Es ist ein in der heutigen Zeit ausgesprochen seltenes geistliches Fest, das am Sonntag zahlreiche Gläubige in der Pfarrgemeinde miterlebten: Neupriester Bernhard Häglsperger feierte seine Primiz. Dieser erste Gottesdienst, dem der am 1. Juli in Freising geweihte Geistliche in seiner Heimatpfarrei vorstand, war von einer großen theologischen Tiefe und einer glanzvollen musikalischen Umrahmung geprägt. In der Festpredigt bezeichnete der Weltenburger Abt Thomas Freihart Priester als die „Mittler und Brückenbauer zwischen Gott und den Menschen“. An den Gottesdienst schloss sich noch ein weltlicher Teil der Feier in der Stadthalle an, bei dem die Angehörigen der Pfarrei sowie Freunde und Wegbegleiter mit Bernhard Häglsperger noch dessen Eintritt in die Gemeinschaft der Priester feiern konnten. Die vergangenen Tage und Wochen haben für Bernhard Häglsperger viele aufregende Momente bereit gehalten – mit der Priesterweihe durch Kardinal Reinhard Marx am 1. Juli im Freisinger Dom als Höhepunkt. Immerhin geht es bei dem Schritt, Priester zu werden, nicht um irgendeine Berufsentscheidung, die man problem- und folgenlos wieder revidieren kann. Es geht vielmehr um eine Berufung – und das im Regelfall auf Lebenszeit. Es ist ein Gegenentwurf zu den heute oft genug beliebigen und wenig von dauerhaften Werten geprägten Lebensentwürfen – und immerhin mussten rund 16 Jahre vergehen, seit der letzten Primiz in Vilsbiburg, die im Sommer 2001 Reinhard Röhrner gefeiert hatte, bis wieder ein solches kirchliches Fest gefeiert werden konnte. Auch Röhrner war am Sonntag unter den Geistlichen, die Bernhard Häglsperger bei seiner ersten Messe in der Pfarrkirche zur Seite standen, wo er einst als Ministrant die ersten Schritte zum Dienst in der Kirche getan hatte. Der langjährige Stadtpfarrer Siegfried Heilmer und sein Nachfolger Peter König konzelebrierten gemeinsam mit weiteren Geistlichen am Sonntag den Festgottesdienst.

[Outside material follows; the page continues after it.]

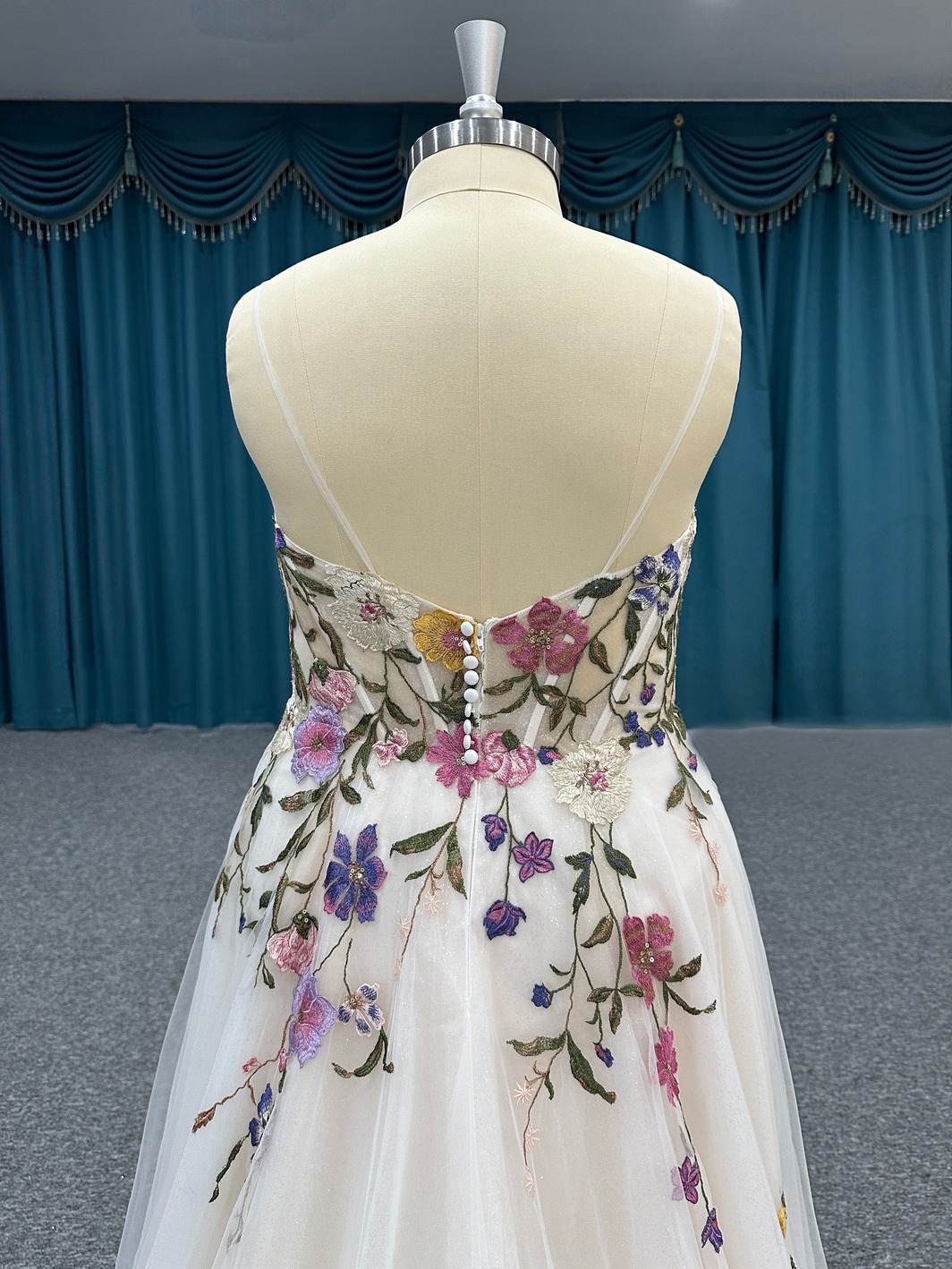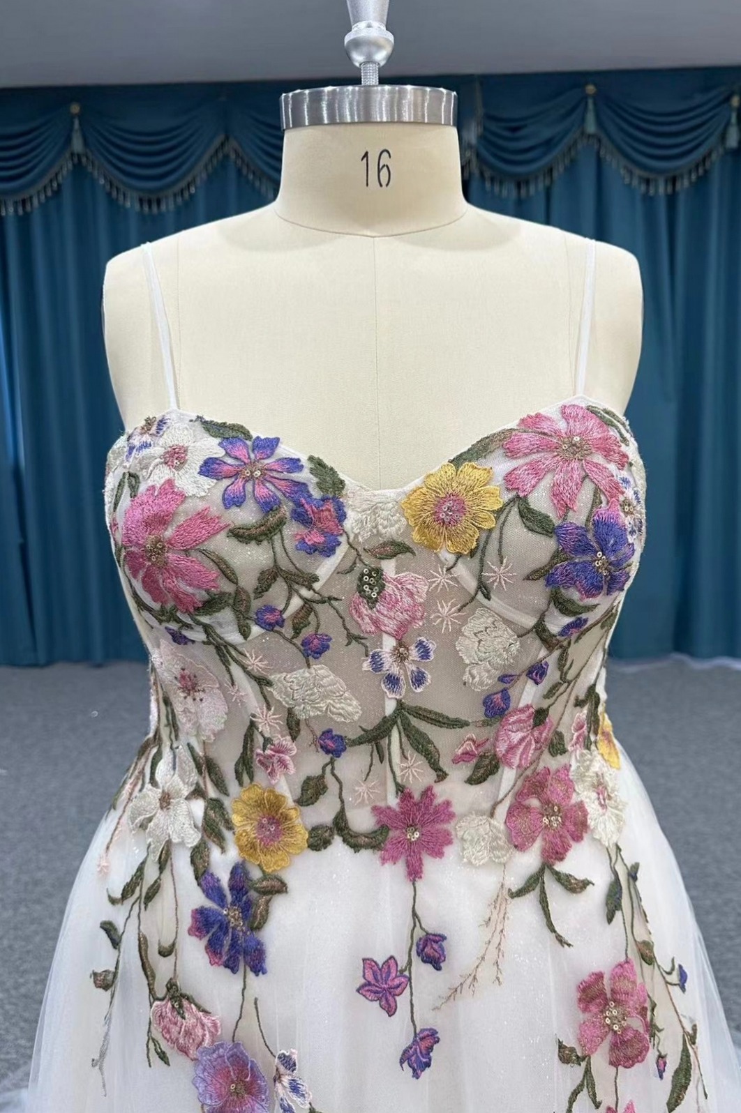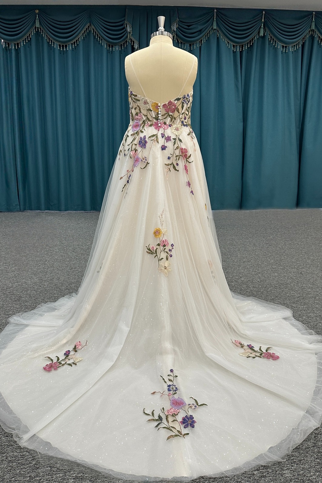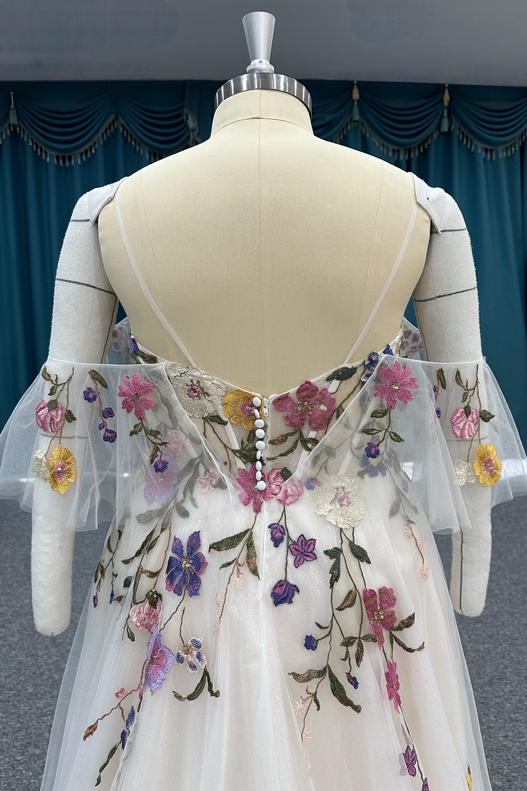 COLORFUL FLORAL OFF-THE-SHOULDER GLITTER TULLE WEDDING DRESS
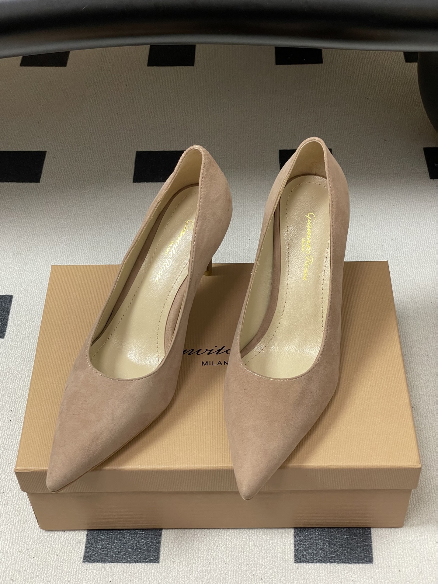 这款鞋子是AAAAA 1:1 质量 (非常棒). 使用了和原版一模一样的材料. 商标部分也保持了和Gianvito Rossi一样. 图片拍摄是实物鞋子拍摄, 您所收到的实物保证和我们图片一模一样.

Die Festpredigt an diesem für die Pfarrei wie für Bernhard Häglsperger gleichermaßen bedeutsamen Tag hielt Abt Thomas M. Freihart von der Benediktinerabtei Weltenburg – der übrigens dem Primizianten im Sommer 2001 in der Pfarrkirche die Firmung gespendet hat. Der Abt zitierte ein lateinisches Motto in der Kapelle der Benediktiner-Sternwarte in Kremsmünster, das lautet „in terris positus in caelestibus habitaret“ und übersetzte es frei dahingehend, dass die Mönche auf der Welt verwurzelt nach dem Himmel trachten. Auf dem zum Motto gehörenden Bild sei der heilige Benedikt als abgeklärter Mann zu sehen, wie er in einem einzigen Lichtstrahl die ganze Welt erkenne. Der Priester gehöre dementsprechend zwei Welten an – der Welt der Menschen und der Welt Gottes. „Er ist der Mittler zwischen diesen beiden Welten“, betonte Abt Thomas. Es sei die Aufgabe des Priesters, eine Brücke zu sein, um die Menschen zu Gott und seinem Licht zu führen. Gleichzeitig betonte der Abt, dass niemand aus sich selbst heraus Priester werden könne, es handle sich dabei immer um die Antwort auf einen Ruf Gottes: „Bei der Weihe nimmt er den Berufenen in seine Dienste.“ Das Priestertum bezeichnet der Festprediger als „Erwählung durch den Herrn“, es sei in diesem Sinne durch und durch Geschenk. „Als sichtbares Zeichen der Freude darüber feiern wir die Primiz“, ordnete er das Fest am Sonntag kirchlich ein.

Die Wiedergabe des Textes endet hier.